— DATA EXCERPT —
------
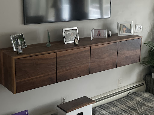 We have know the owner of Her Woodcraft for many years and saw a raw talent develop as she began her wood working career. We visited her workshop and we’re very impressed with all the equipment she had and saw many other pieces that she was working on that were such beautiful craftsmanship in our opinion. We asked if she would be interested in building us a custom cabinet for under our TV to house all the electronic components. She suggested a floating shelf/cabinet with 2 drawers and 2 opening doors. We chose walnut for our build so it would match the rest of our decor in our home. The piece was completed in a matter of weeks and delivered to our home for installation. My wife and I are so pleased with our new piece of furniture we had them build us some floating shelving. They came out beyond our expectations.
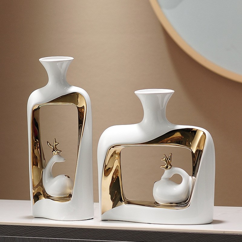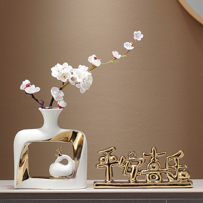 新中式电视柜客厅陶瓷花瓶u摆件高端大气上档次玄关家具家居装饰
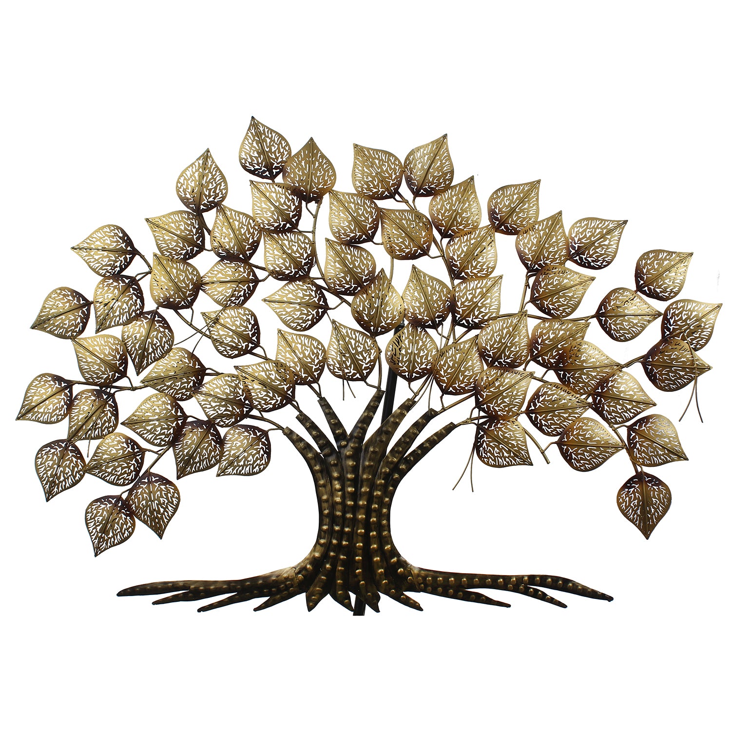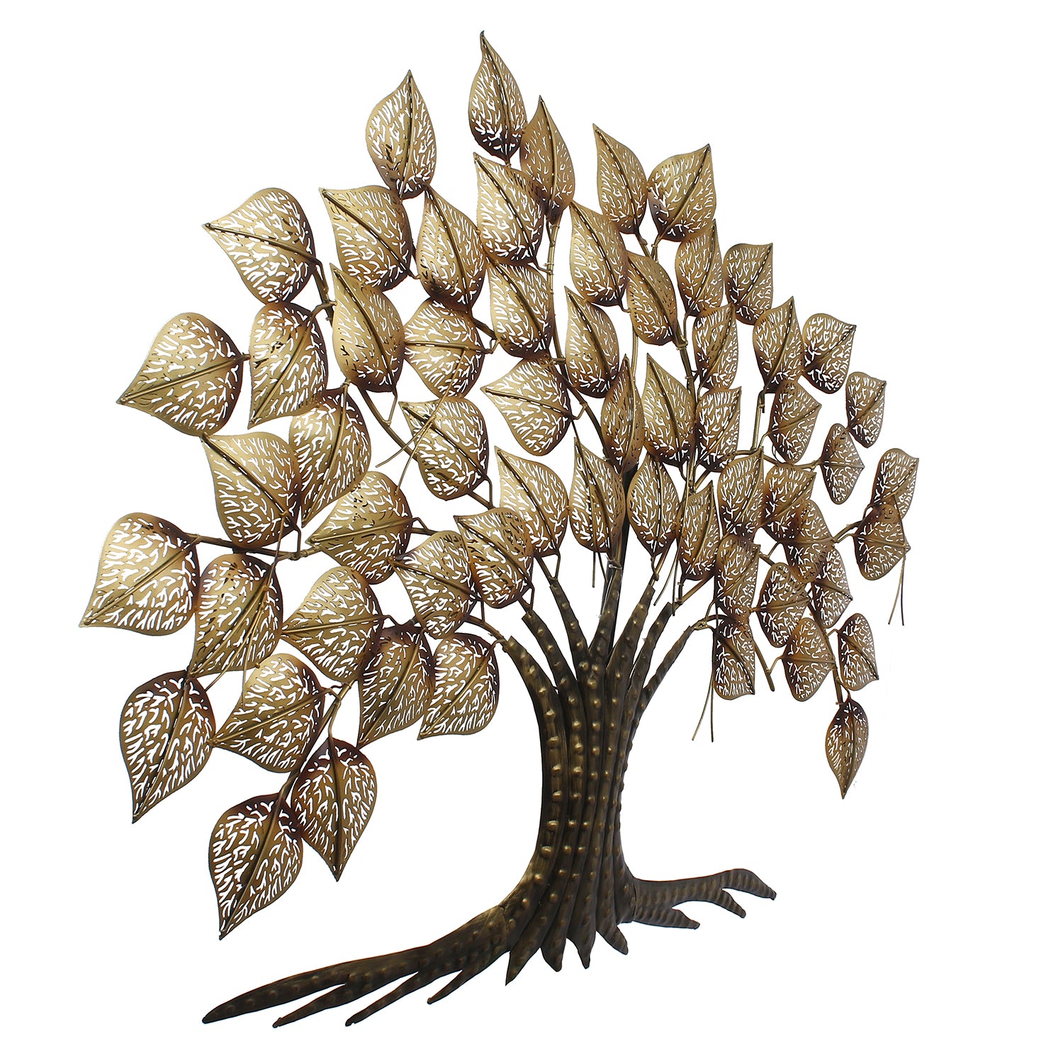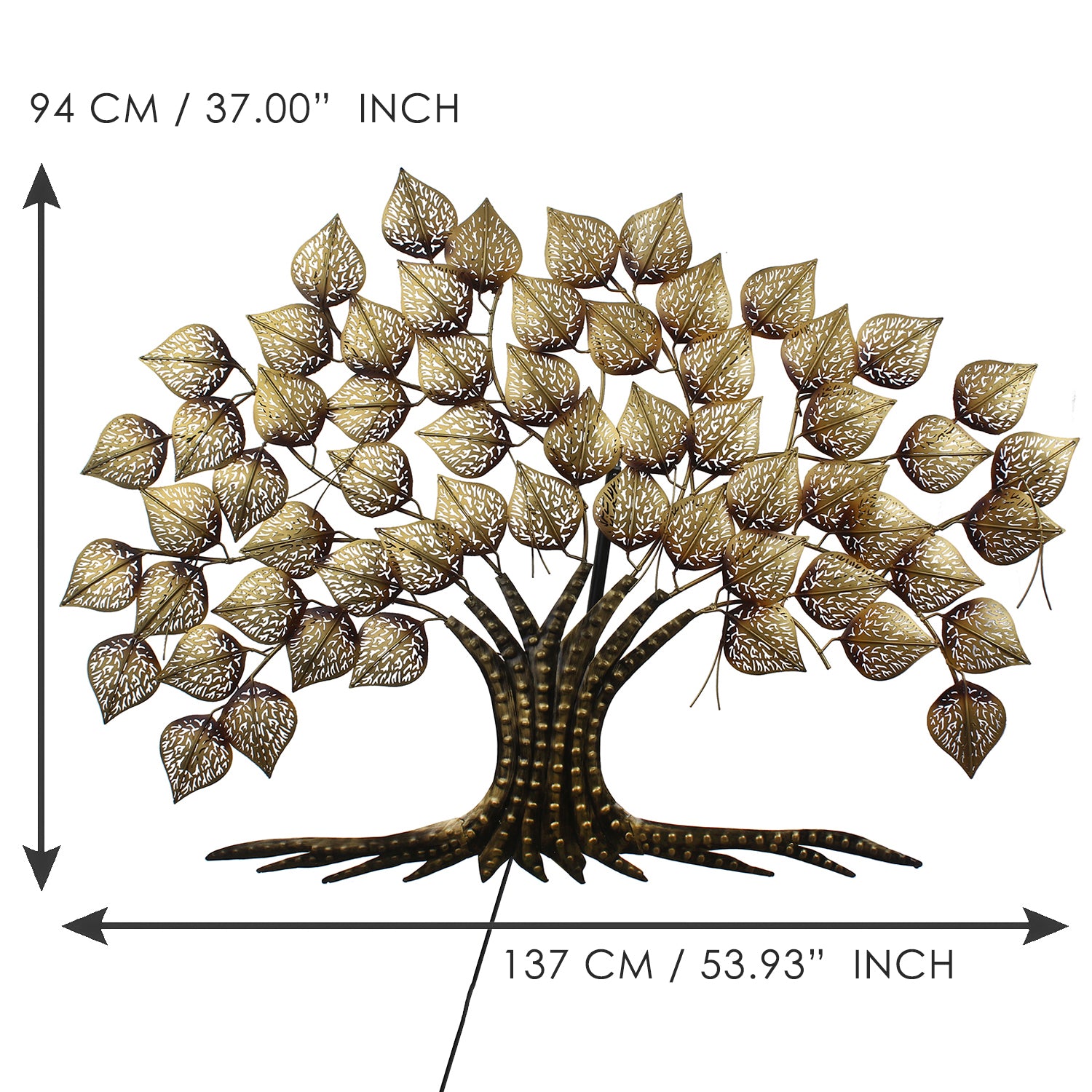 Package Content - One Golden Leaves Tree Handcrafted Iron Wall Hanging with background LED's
------
— WHAT TO WORK ON —
The copy must match every line of the data exactly and contain no pictures.

— WRITTEN REPLY —
 We have know the owner of Her Woodcraft for many years and saw a raw talent develop as she began her wood working career. We visited her workshop and we’re very impressed with all the equipment she had and saw many other pieces that she was working on that were such beautiful craftsmanship in our opinion. We asked if she would be interested in building us a custom cabinet for under our TV to house all the electronic components. She suggested a floating shelf/cabinet with 2 drawers and 2 opening doors. We chose walnut for our build so it would match the rest of our decor in our home. The piece was completed in a matter of weeks and delivered to our home for installation. My wife and I are so pleased with our new piece of furniture we had them build us some floating shelving. They came out beyond our expectations.
 新中式电视柜客厅陶瓷花瓶u摆件高端大气上档次玄关家具家居装饰
 Package Content - One Golden Leaves Tree Handcrafted Iron Wall Hanging with background LED's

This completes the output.